HMRC approach to tax penalties for businesses is “garbled and illogical”, says expert
The UK’s HM Revenue & Customs (HMRC) is increasingly unwilling to believe that any error in a tax return can be the result of an ‘innocent error’, said Fiona Fernie, a tax investigations expert at Pinsent Masons, the law firm behind Out-law.com.
New powers introduced in recent years to allow HMRC easier access to information from both taxpayers and third parties, together with increased powers to search premises and tighter penalty regulations, all mean that businesses are under more scrutiny than ever from HMRC, she said.
Fernie said that the chances of a business being inspected by HMRC have risen considerably. When the current government came to power in 2010 it allocated £900 million to target tax evasion and fraud. “With a general election looming once again, evasion, avoidance and indeed any kind of tax planning which is seen to be aggressive, is very much in the firing line” she said.
She explained that since all businesses are now required to file returns online, HMRC is able to use its CONNECT software to analyse returns, compare them to sector averages, and make connections between tax records and information from other sources to identify areas where tax collection is at risk.
“Whilst it should be possible to expect that, if enough care is taken, a business cannot possibly ‘fall foul’ of HMRC, in recent years the political and media pressure on HMRC to collect ever increasing amounts of tax appears to have resulted in the blurring of the definitions of tax mitigation, tax avoidance and tax evasion,” Fernie said.
The rate of penalty chargeable for inaccuracies in a tax return is based on the behaviour of the taxpayer and whether the error came to light from an ‘unprompted’ or ‘prompted’ disclosure. Where a taxpayer has taken reasonable care, but despite this has made a mistake, then no penalty will be due. However, a penalty of up to 30% of the tax at stake will be payable if the taxpayer’s actions are classed as ‘careless’ – which means a failure to take reasonable care. Higher penalties are charged for taxpayers whose inaccuracies are classed as deliberate. The penalty rate ranges from 20% to 70% where the behaviour is deliberate, but not concealed, and from 30% to 100% where the behaviour is classed as deliberate and concealed.
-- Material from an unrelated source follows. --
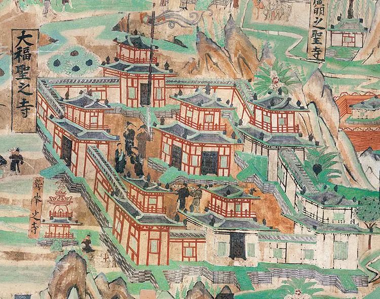 敦煌壁画中的《五台山图》要比《清明上河图》出现得更早,它规模宏大,是世界上罕见的全景式形象地图,画中详细描绘了东起河北正定,西至山西太原,方圆500里的山川地形和社会风情。图中的地理状况与现实基本一致,沿着画面上的线路,人们可以准确地到达五台山。20世纪30年代初,著名建筑学家梁思成教授认为,这幅地图的准确性令人不可思议。

Fiona Fernie said that in her experience, “HMRC is increasingly unwilling to believe that any error can be the result of an ‘innocent error’, even where businesses have filed their returns after considerable thought, or indeed where they have decided that no return is necessary, again after careful consideration”.
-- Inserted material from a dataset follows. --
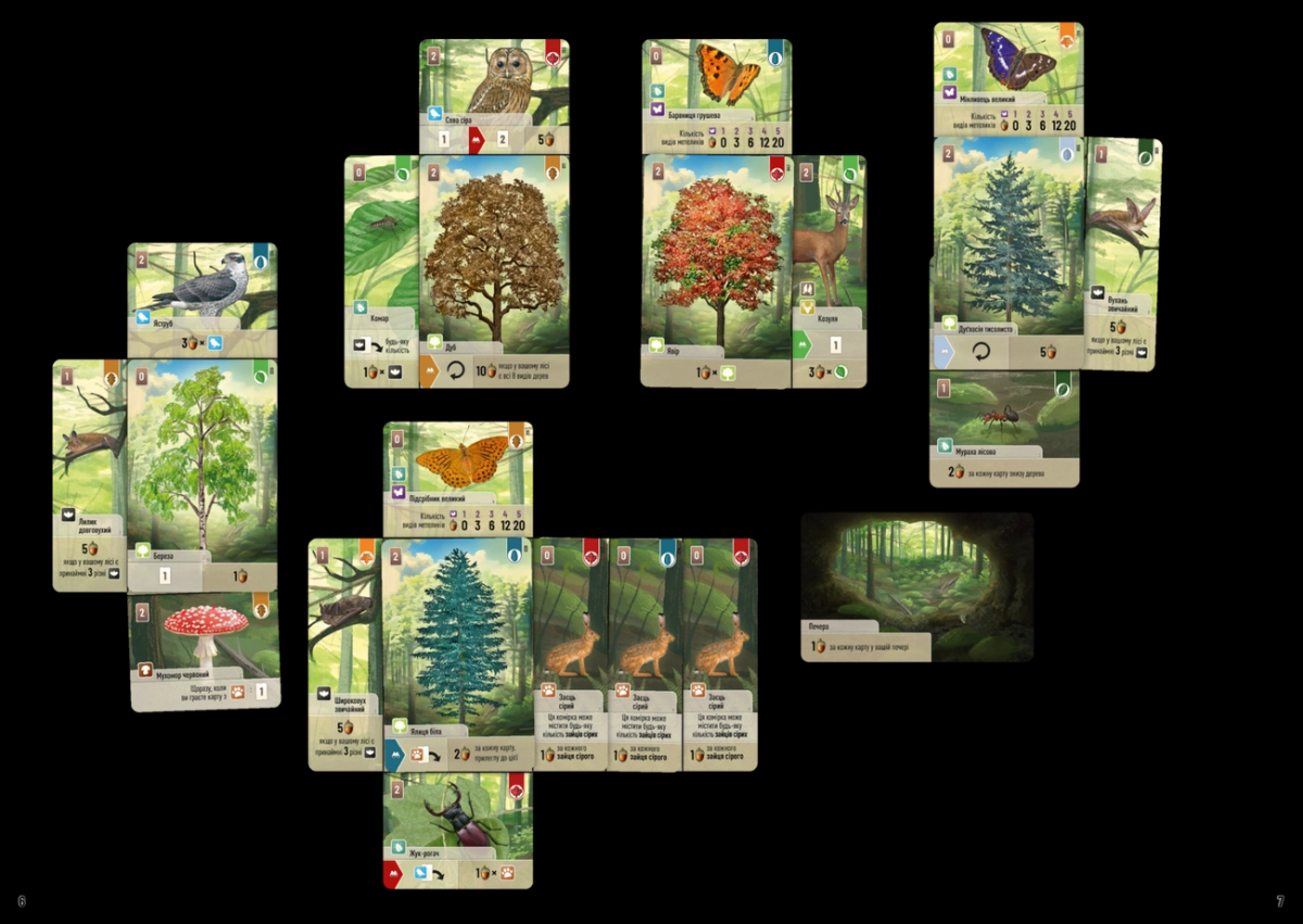 - зіграти карту з руки, сплативши її вартість в картах, та розмістити в своїй ігровій зоні лісу.

“It appears that HMRC will still seek to make discovery assessments, and impose a penalty, even in cases where the directors of a business have chosen their course of action having researched their obligations and complied to the best of their ability and judgement,” she said. “Indeed, even the largest companies, which do not undertake ‘aggressive’ planning, may find HMRC seeking penalties after settlement of a complicated technical dispute”.
Fernie said that HMRC’s approach was illustrated in a recent consultation document in relation to a specific penalty for schemes in respect of which the general anti–abuse rule (GAAR) is deemed to apply. That document, in explaining why HMRC is seeking to introduce such a penalty, states “….there is an arguable case that a taxpayer becoming involved in an abusive scheme demonstrates ‘deliberate’ behaviour in making their return on this basis”. The document continues “However, each case is judged on its own merits and, in practice, it may sometimes be difficult to levy a penalty where the avoider obtained professional advice, even where this advice is found to have been incorrect.”
She said “To my mind this demonstrates how completely garbled and illogical the thinking on tax offences has become; there is clearly a need to tackle abusive tax arrangements, but to suggest that taxpayers, whether businesses or individuals, should seek professional tax advice but then not be allowed to rely on it without risking a penalty for ‘deliberate’ behaviour if the advice is later found to be wrong seems to fly in the face of the ‘fairness’ that the Government has professed itself to be keen to promote.”